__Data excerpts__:
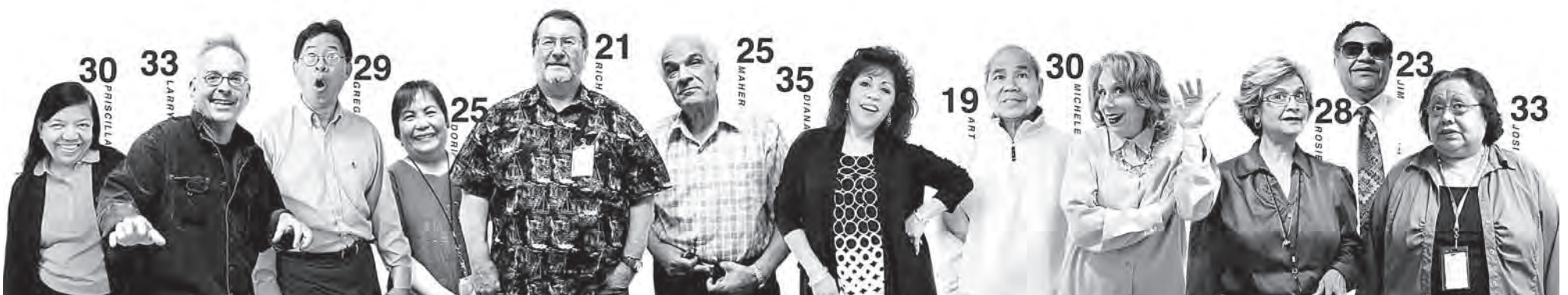
The 12 retiring from Community Development.
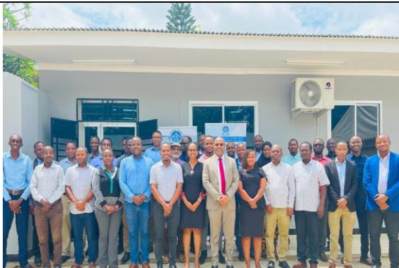
Stakeholders workshop for Curriculum Review and Development
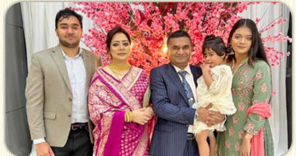
Maj Gen AKM Aminul Haque SDS (Army) (Outgoing)
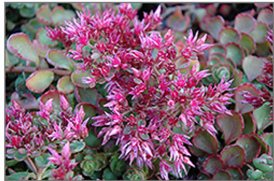
Fulda Glow Stonecrop flowers
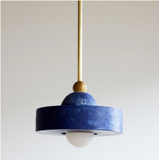
Shown in: Brass / Lapis

DESCRIPTION The Cassia Pendant is part of the Terra series and was made in collaboration with ceramicist Danny Kaplan. It features a Ceramic disc and symmetrical orbs showcasing clean lines with organic texture. It is suspended from a Brass rod with a self-leveling canopy. Due to the handmade nature of this item, no two are identical. Note: Please specify overall drop length when ordering. Stem is not field adjustable. Overall height (ceiling to bottom of fixture) longer than 36 inches is available for an additional fee.
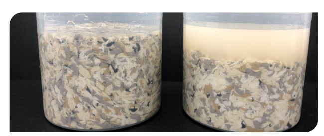
Hectorite solution thickened by Finnfix® 4000G*
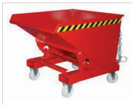
EXPO with castors
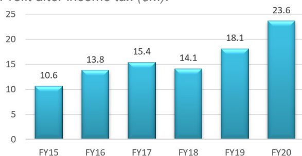
Profit after income tax ($M):
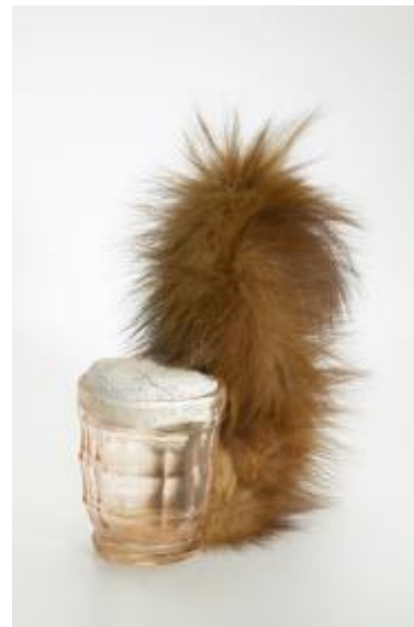
Meret Oppenheim Eichhörnchen , 1969 Diverse materials 23 x 17,5 x 8 cm
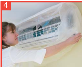
4 Place and fix an AC-OK Cleaning Cover around the unit...

Please cover any furnishings/electrical equipment that may be damaged during the cleaning process. Or use an AC-OK Cleaning Cover ..
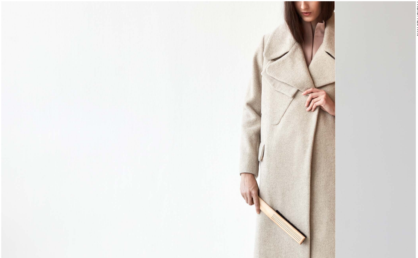
The holistic design process tested in the research project Circular Design Speeds results in products sold by the project's collaboration partner, Filippa K. The coat shown in the photo is made of recycled wool.
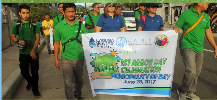
Employees of LARC and LWD actively participate in the parade for the Municipality of Bay, Laguna's celebration of 1st Arbor Day on Wednesday, June 28, 2017.

Last June 28, 2017, Laguna Water District Aquatech Resources Corporation (LARC) participated in the very first Arbor Day celebration in Bay, Laguna. Together with Laguna Water District (LWD) and the Municipality of Bay, LARC joined in the tree planting activity and parade.
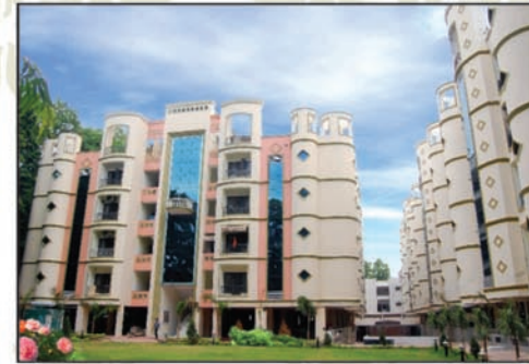
Empire Estate Residency 20 Mall Avenue
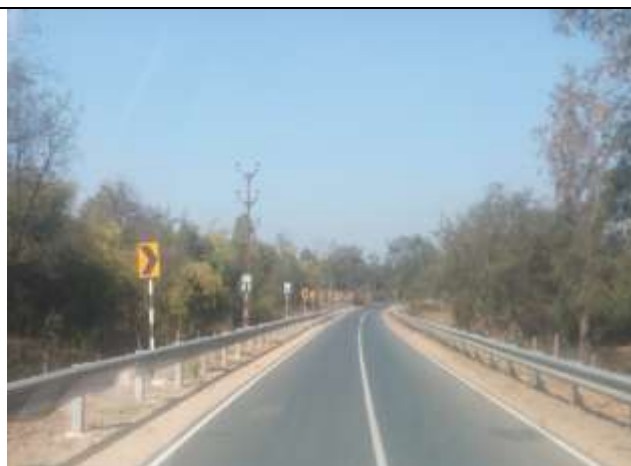
View of constructed Road Marked Paint & Sign Board
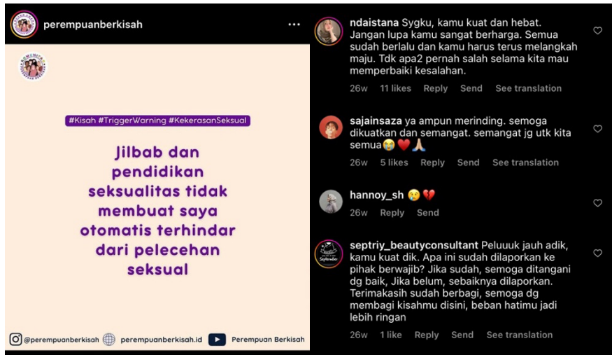
Picture 1: Instagram uploads of @perempuanberkisah and the comments column

Source: https://www.instagram.com/perempuanberkisah/?hl=e , July 27, 2022

__EXERCISE__:
Exactly the lines from the line that contains "View of constructed" through the last line above, and no other lines, must be output, with pictures excluded.

__WRITTEN SOLUTION__:
View of constructed Road Marked Paint & Sign Board
Picture 1: Instagram uploads of @perempuanberkisah and the comments column

Source: https://www.instagram.com/perempuanberkisah/?hl=e , July 27, 2022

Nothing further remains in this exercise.